We knew we couldn’t find out what the average U.S. worker, or even the average worker in a select industry, gets exposed to. That’s because OSHA doesn’t have nearly enough staff to sample every workplace. If federal OSHA inspectors were to try, the AFL-CIO calculated this spring, it would take 140 years to get to each workplace under their jurisdiction a single time.

So the samples are, quite literally, a sample. And they’re not a random one, because inspections can be launched by complaints, accidents and OSHA’s determinations about which industries or employers are high-hazard, not only by chance selection.

So instead, we asked an answerable question: When samples test positive for a substance — the lab’s equipment detects it — how often do levels exceed legal limits? We also wondered how sample results would compare with exposure recommendations from the National Institute for Occupational Safety and Health, often tighter than OSHA’s hard-to-update limits.

But, as OSHA’s Salt Lake City experts explained, you can’t simply compare sample results to the agency’s limits. That’s because inspectors will often change sampling devices on workers through the day, so a single worker might produce two, three or more samples that together represent a full workday. You need to combine all the related samples to compare to OSHA’s eight-hour-average limits. (How? Multiply the individual samples’ results by the amount of time sampled, add the related ones together — they have a unique ID — and then divide by 480, the minutes in an eight-hour day.)
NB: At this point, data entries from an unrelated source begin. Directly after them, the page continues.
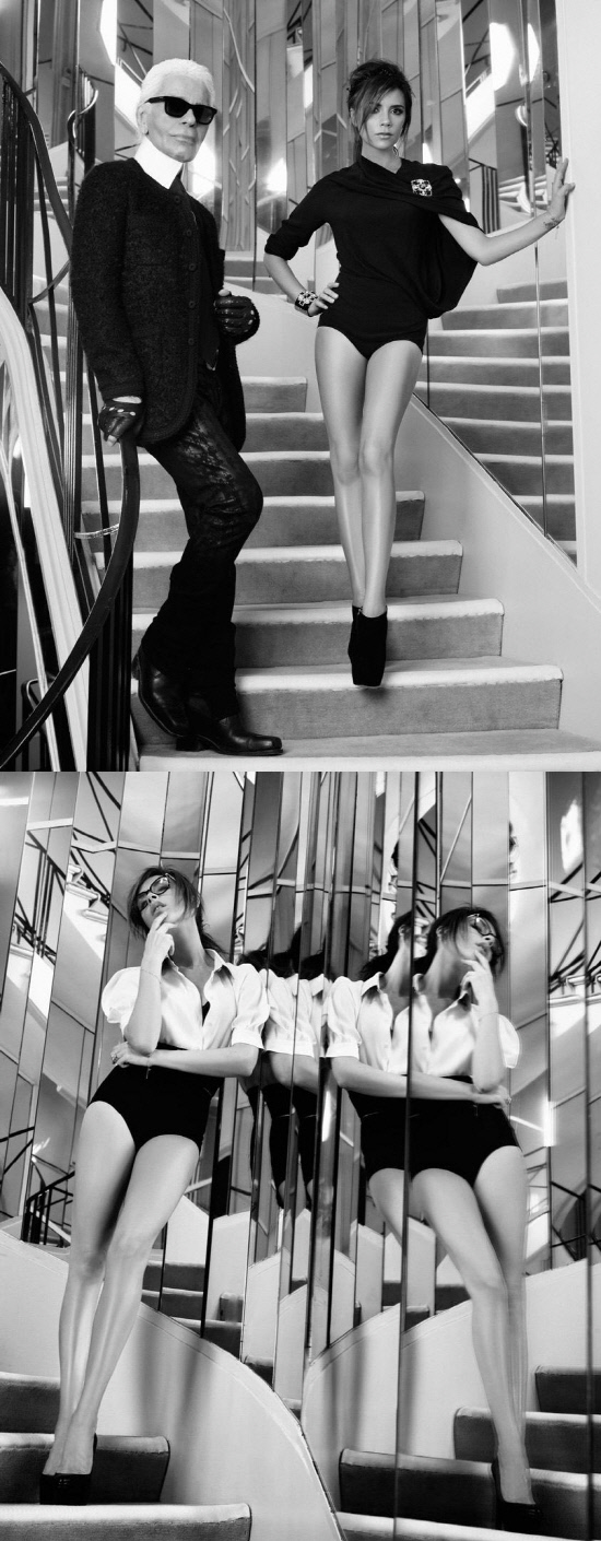 럭셔리한 감각의 란제리룩 포즈에서 사진의 주인공이 네 아이의 엄마라고 믿어지지 않는다. 유명한 거울 계단 위에서 에레스 언더웨어에 랑방 스웨터를 걸치고 샤넬 디자이너 카를 라거펠트와 함께 포즈를 취한 사진은 독특한 아우라를 뿜어낸다.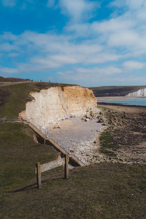 East Sussex | UK - 2021.04.04: People walking the paths of the Seven Sisters, Clifftop Paths Nature Reserve View of the Chalk Cliffs and the English Channel sea from the edge. South of England
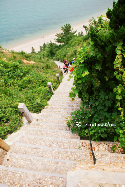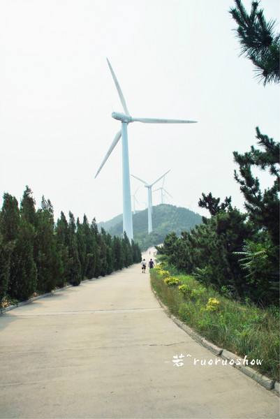 第三天的時(shí)光留給了“林海烽山”。烽山上到處都有長(zhǎng)島的標(biāo)志——風(fēng)車,前兩天只是遠(yuǎn)眺,今天,可以近距離的瞧瞧這些富有童趣的大風(fēng)車了。站在風(fēng)車底下,抬頭看著轉(zhuǎn)動(dòng)的葉片,忽明忽暗的影子不停地變幻,不同的是,吹風(fēng)車的已不再是我們……但是,長(zhǎng)島上的風(fēng)車卻有著實(shí)際的作用,就是發(fā)電,每轉(zhuǎn)動(dòng)一圈能產(chǎn)生一元錢的電,環(huán)保。爬到山頂,我們沿著369級(jí)的石階一級(jí)一級(jí)地下,便又來到了海邊,再次看到大海,突然有種回歸的感受,心曠神怡。牟大叔說“下了369級(jí)臺(tái)階,千萬別原路返回,沿著海邊走,走到另一頭,也有能上山的路,出口就能看到黃渤海交界處”,于是,我們便沿著海慢慢走,走著走著,發(fā)現(xiàn)整個(gè)海灘只剩下我們四個(gè)人,時(shí)間也好像靜止一般。上山的路有臺(tái)階也有坡路,一番辛苦,終于到達(dá)山頂,黃渤海的交界處可以直接看到,如果想看得更加清晰,也可以租個(gè)高倍望遠(yuǎn)鏡(費(fèi)用:3元)。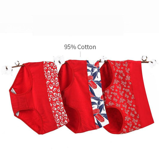 Wonderful 3pcs/Lot High Waist Women's Big Size Cotton Print Panties - Breathable Briefs Underwear Lingerie (D28)(TSP2)

The Salt Lake technical staff walked us through those steps and looked at key results to check that we hadn’t tripped ourselves up. We appreciate their patient assistance.

You can see our results in several places: hexavalent chromium and lead in this story, mercury vapors in this piece and formaldehyde in this list of eye-popping facts. Lead was striking because samples, taken at workplaces ranging from construction sites to foundries to indoor shooting ranges, frequently exceeded the legal limit. Formaldehyde samples, by contrast, rarely did — but most with detectable levels topped the amount NIOSH recommends employers not exceed.

Side note: OSHA enacted stricter industry-wide limits for two of the substances after 1984. That puts them among the relatively few changed since the agency adopted its thresholds in 1971, a sign of how very well-established the dangers are. We looked at samples for the relevant years: 2006 onward for hexavalent chromium (OSHA’s most recently tightened exposure limit), and 1988 onward for formaldehyde.

The lead limit for most industries was set in 1978, but an exception was made for construction until mid-1993, when that sector’s limit was brought in line with the one for other businesses. We analyzed lead samples for 1984-2013, with construction firms compared to their looser limit, as well as 1994-2013 and found approximately the same percentage of overexposures for both periods.